WEEKLY PLAY-ACTION RESULTS
Something that really bothered me during this stretch is that the Cowboys seem to have been chased off their own bread and butter. Teams know the Cowboys' plays - we have discussed the rather small playbook - and now sit on the play-action rollouts and bootlegs. Because they sit on those tendencies to the point where opponents aren't falling for the fakes, the Cowboys have stopped running them. They literally tried one play-action play on Thursday. One. No wrinkle that would burn the hands of the defensive ends crashing on Dak. No determination to make them pay. Instead, they just didn't run them anymore after Derek Barnett's sack last Sunday night.
I have pretty big issues with this because it is your offensive identity. I understand that the defense is now adjusting to you. Fine, now counter their adjustments. Don't tear the section out of your playbook.
Here is Dak's throw chart - which looks like we have a few more yellow dots - interceptions - to figure out again. The QB is really struggling. You can see it in his posture. You can see it in his decision making. And you can see it in his production.
Also - not clearly noted here but more as an aside - most QBs struggle to throw to the opposite sideline. Right handed QBs throwing to the left sideline is an issue as you see below. Also, with that, you generally see the top cornerback locking up on the right side so that he must deal with that obstruction if he chooses to go to his strong side.
DAK PRESCOTT THROW CHART
PERSONNEL GROUPINGS
Unfortunately, this chart above demonstrates that the Cowboys did not accomplish much in their base offense. S11 is the 2-minute drill/3rd down offense and when you call behind by 20 points, they do most of the lifting in what we refer to as "garbage time".
To pass well from under center - all the groupings without the "S" next to it - you need a play-action game and the Cowboys have decided to stop using it. I don't know what they are trying to do right now beyond counting down the days on their calendar to the return of Elliott, to be honest.
SUMMARY AND CONCLUSIONS
You know how I love to break down videos and particular plays, but the NFL has not put up the All-22's at this point and the show must go on. Also, if you were ever going to not look at videos of issues with this offense, maybe Thanksgiving week would be the one to miss, anyway.
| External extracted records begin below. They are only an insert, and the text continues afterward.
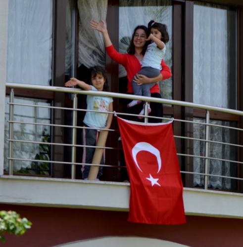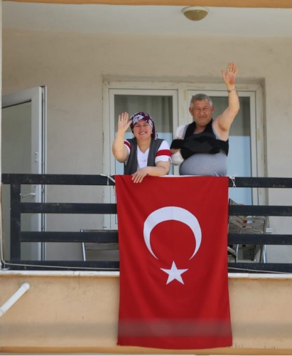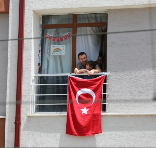 19 Mayıs kutlamalarında sokağa çıkma kısıtlaması nedeniyle dışarı çıkamayan vatandaşlar balkonlara döküldü.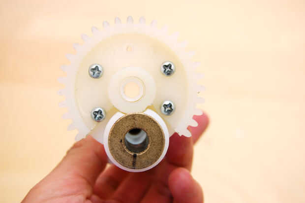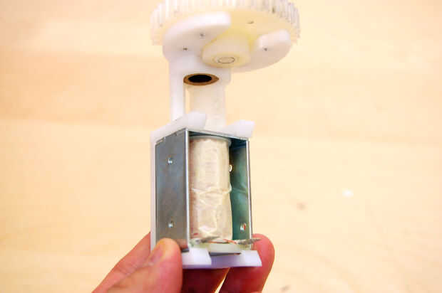 1. Saque 90 grados el último engranaje de nylon para que quede en la base del solenoide.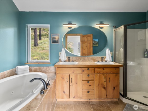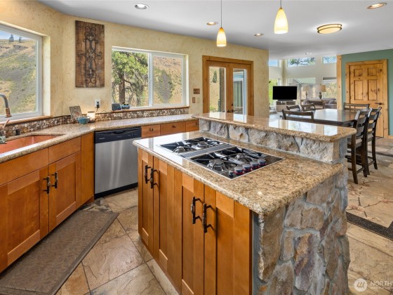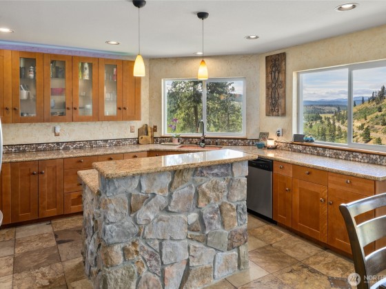 Welcome to your dream retreat! This stunning 14.92-acre property offers privacy, panoramic views of the Yakima River, + access to Palouse to Cascades Trail + world-class blue ribbon fly fishing-right out your back door. The custom-built cedar home boasts vaulted ceilings + breathtaking rock fireplace that’s perfect for cozy evenings. The gourmet kitchen features granite countertops, copper farmhouse sink + walk-in pantry. Cedar half-log stairs lead to a charming loft + spacious bedrooms. The primary suite includes balcony, fireplace, walk-in closet, + spa-inspired bathroom. Step outside to enjoy a stamped concrete patio, irrigated yard, fruit trees, + raised garden perfect for entertaining, or simply taking in the beautiful surroundings.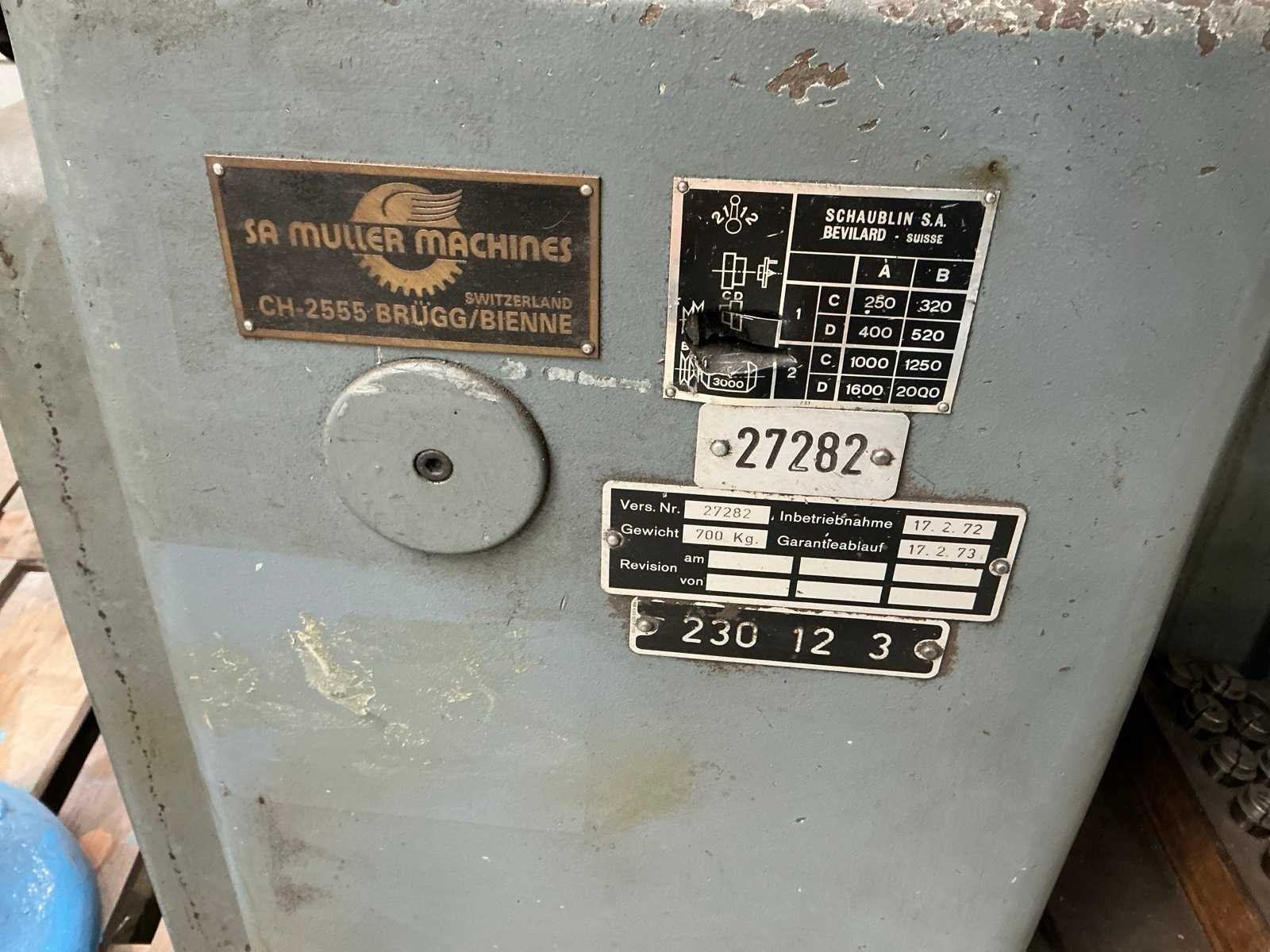 Nee Merk: Sa Muller / Schaublin Aansluiting: 380V Afmeting l: 1320mm Afmeting b: 650mm Afmeting h: 1460mm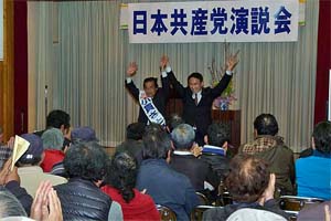 栃木県壬生町議選(3月18日告示、23日投票)応援の演説会。小貫(おぬき)さとる町議と一緒に訴えました。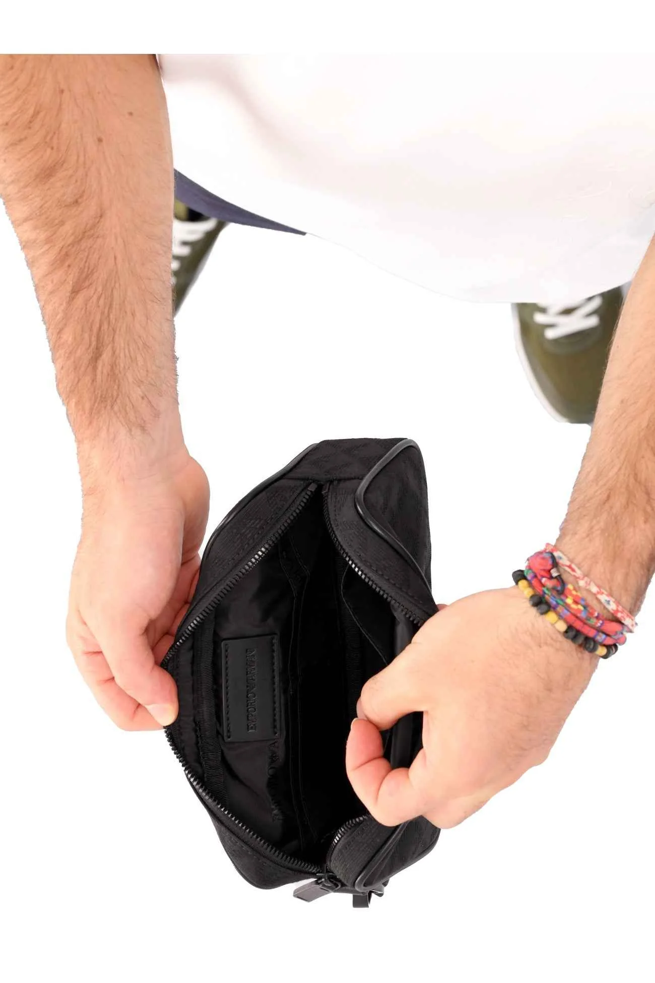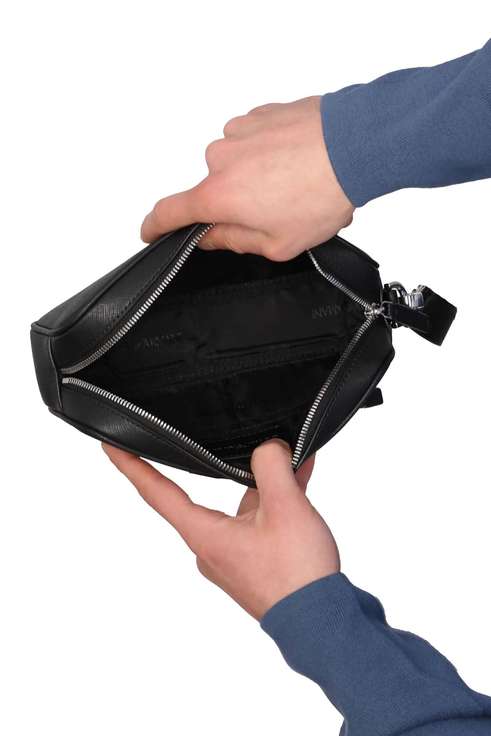 Presenta un manico da polso rimovibile, con chiusura zip e l’interno foderato.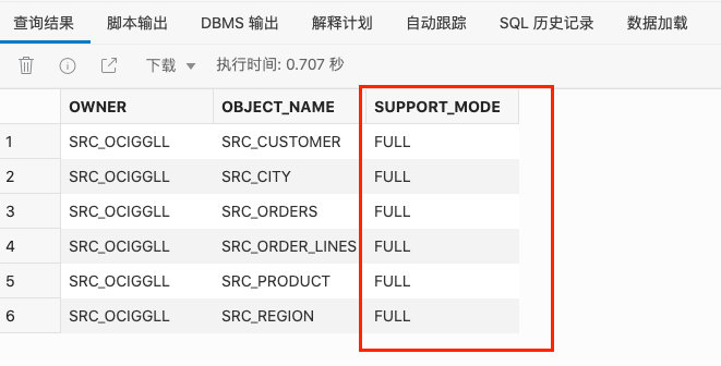 select * from DBA_GoldenGate_SUPPORT_MODE where owner = 'SRC_OCIGGLL';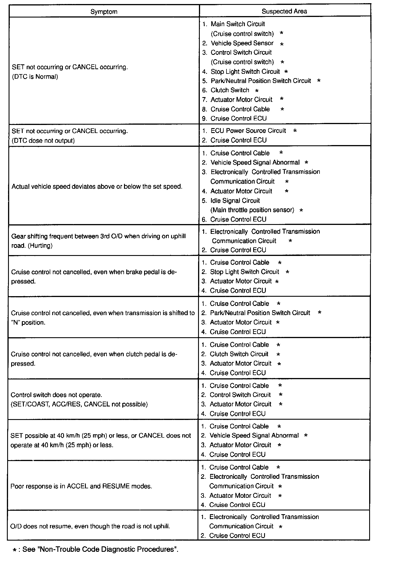 Problem Symptoms Table Part 1: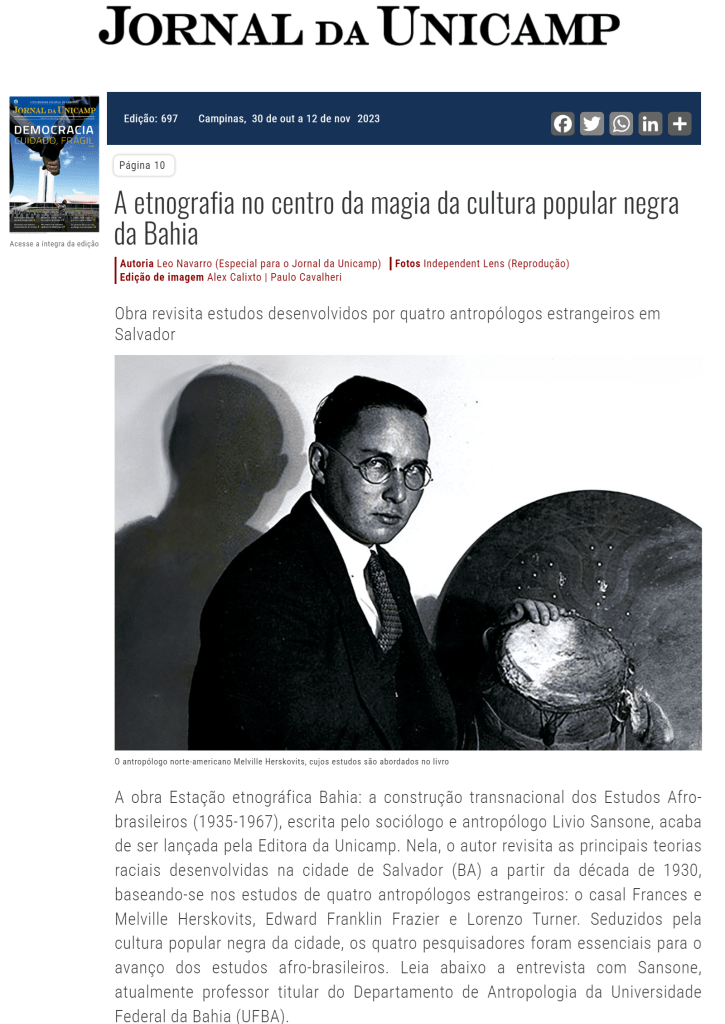 Livio Sansone – Tive duas ordens de problemas. Por um lado, pesquisar agendas e trajetórias de pesquisadores (prevalentemente) norte-americanos a partir de Salvador – uma cidade situada no Sul do Sul Global – representa em si um desafio, devido à falta de bons arquivos e bibliotecas locais, assim como uma certa precariedade da Fundação de Amparo à Pesquisa do Estado da Bahia (Fapesb). Por outro lado, o pouco tempo disponível para pesquisa, as distâncias e a dificuldade em angariar recursos para poder viajar rumo aos Estados Unidos e à França, onde se encontram os arquivos mais importantes, têm me obrigado a basear minha pesquisa em curtas e superintensivas missões de pesquisa, intercaladas por longos períodos aproveitados para estudar e sistematizar os documentos. Preciso acrescentar que minha pesquisa não teria sido exequível sem a ampla rede de colegas, distribuídos em muitas universidades, sobretudo do Norte Global, que, com grande abnegação e generosidade, têm compartilhado comigo documentos, matérias e publicações. Devo muitíssimo a essa generosidade digital!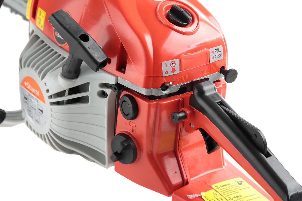 - Цепной тормоз — мгновенно останавливает цепь при отдаче или нажатии на передний упор.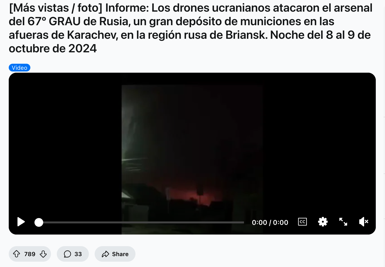 “Los drones ucranianos atacaron el arsenal del 67º GRAU de Rusia, un gran depósito de municiones en las afueras de Karachev, en la región rusa de Briansk. Noche del 8 al 9 de octubre de 2024”, dice el mensaje que acompaña el video.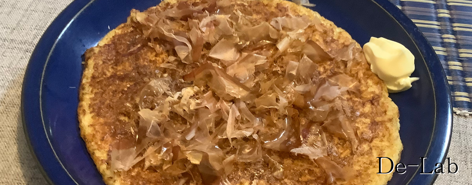 This dish is a simple homemade recipe made by mixing grated Japanese yam with egg and shirasu (tiny boiled whitebait) and pan-frying the batter.

Three of them were mop-up games at the end of seasons where the Cowboys sat their QB1 because there was no reason to play him. Of the other 14, six were played by backup QBs because the QB1 was injured. That leaves 8 games where the Cowboys' starting QB was present and accounted for and still couldn't past those two low thresholds of points and yards. Four for Tony Romo and four for Dak Prescott. The four for Romo were ALL against the Philadelphia Eagles (2006, 2007, 2011, and 2014).
That leaves Prescott. The Giants game last season and then the last three weeks. This should tell you all you need to know. We aren't talking about winning and losing. We aren't even talking about being close (they have lost the last 3 games by 70 points). We are talking about simply reaching the threshold of the worst defenses in the NFL.
Until they can do it - with or without a RB - no coaching job should be beyond examining. This is brutal and there is no way to spin it any other way.
Unfortunately, asking them to fix it immediately is pointless. They pretty clearly have no idea how to do so.